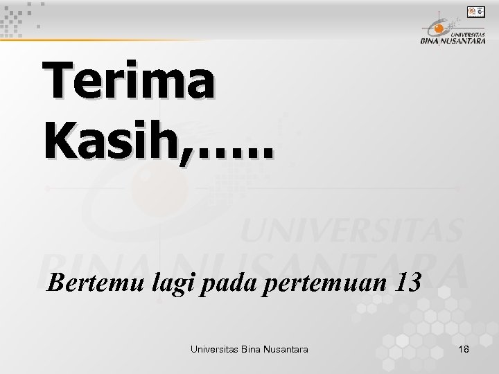 Terima Kasih, …. . Bertemu lagi pada pertemuan 13 Universitas Bina Nusantara 18
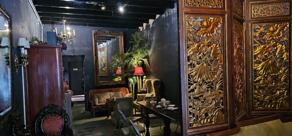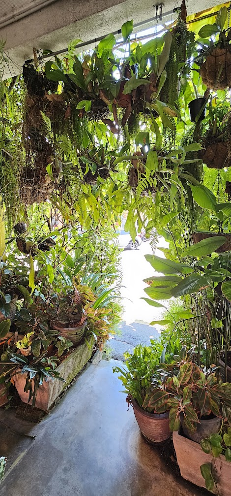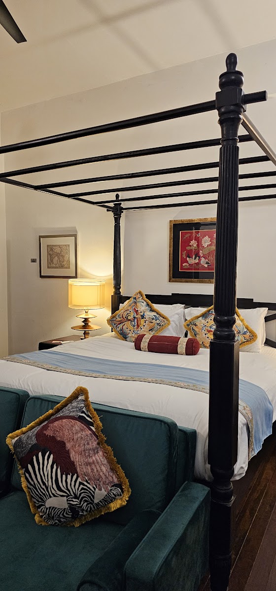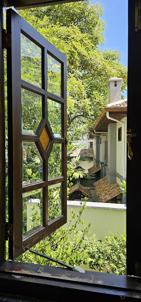 Mutta takaisin Hotel Penagaan. Aivan ihana, historiaa henkivä pikkuhotelli. Katosvuode, puiset käsin käännettävät ikkunasäleiköt ja kaunis sisustus olivat ihana yllätys. Toinen samanlainen ylläri löytyi kulkiessamme kadulla hotellin lähellä. Olimme lähteneet kävelemään ilman päämäärää ja edellämme oli pieni seurue, joka yhtäkkiä katosi ”viherseinän sisälle” kadulta. Seinä oli peittynyt isolta alueelta viherkasveihin eikä siinä ollut mitään kylttiä tmv. Hetken katsoimme silmät pyöreinä ja sitten sukelsimme samojen kasvien sekaan ja päädyimme johonkin eteiseen. Edessä näkyi lisää kasveja ja akvaarioita – hmm, ehkä kukkakauppa? Sitten näkyviin tuli vitriini, jossa oli kakkuja. Kahvila? Kyllä, ja millainen kahvila. Tilasimme kylmiä juomia ja katsoin että juuri ja juuri mahdumme istumaan vähiin pöytiin, mutta tarjoilija ohjasikin meidät pidemmälle. Tilat jatkuivat vielä paljon pidemmälle ja aina kulman takaa tuli uusi tila näkyviin; tummia, hämäriä sohvaryhmiä ja isoja tauluja seinillä. Sekä toki niitä viherkasveja. Tarjoilija tiesi kertoa, että paikassa olisi aiemmin ollut jonkinlainen korjaamo, mutta veikkaan että kiinteistön ikä oli yhtä korkea kuin hotellimme.
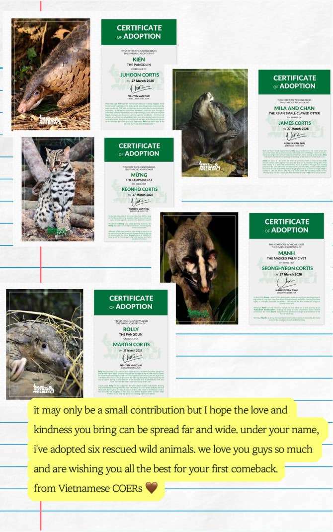 it may only be a small contribution but I hope the love and kindness you bring can be spread far and wide. under your name, i've adopted six rescued wild animals. we love you guys so much and are wish
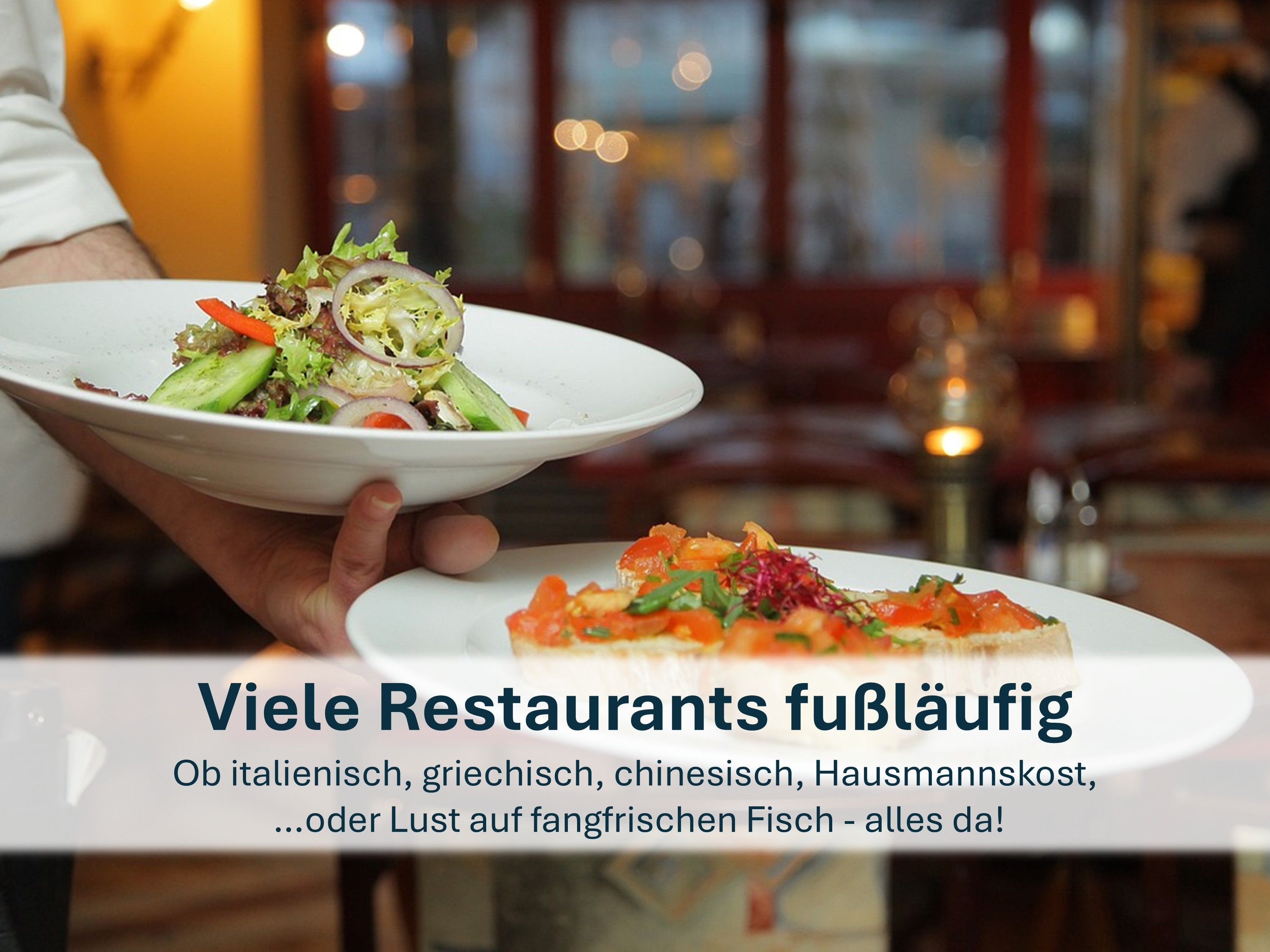 Das Zentrum von Zinnowitz mit Boutiquen, Cafés und Restaurants ist fußläufig erreichbar ebenso wie die Bernsteintherme und die Konzertmuschel.
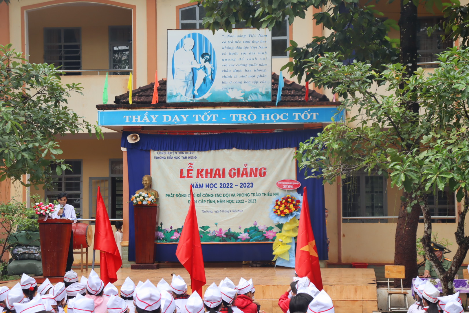 Liên đội Tiểu học Tân Hưng, huyện Hớn Quản được chọn làm đơn vị điểm cấp tỉnh với sự tham gia của gần 1.000 đội viên, thiếu niên nhi đồng của trường.

+---+

Work to be completed - Your task is to set down exactly the lines that run from the line holding "Das Zentrum von" through the close of the entries, including both ends. Pictures stay out.

Solution below -
 Das Zentrum von Zinnowitz mit Boutiquen, Cafés und Restaurants ist fußläufig erreichbar ebenso wie die Bernsteintherme und die Konzertmuschel.
 Liên đội Tiểu học Tân Hưng, huyện Hớn Quản được chọn làm đơn vị điểm cấp tỉnh với sự tham gia của gần 1.000 đội viên, thiếu niên nhi đồng của trường.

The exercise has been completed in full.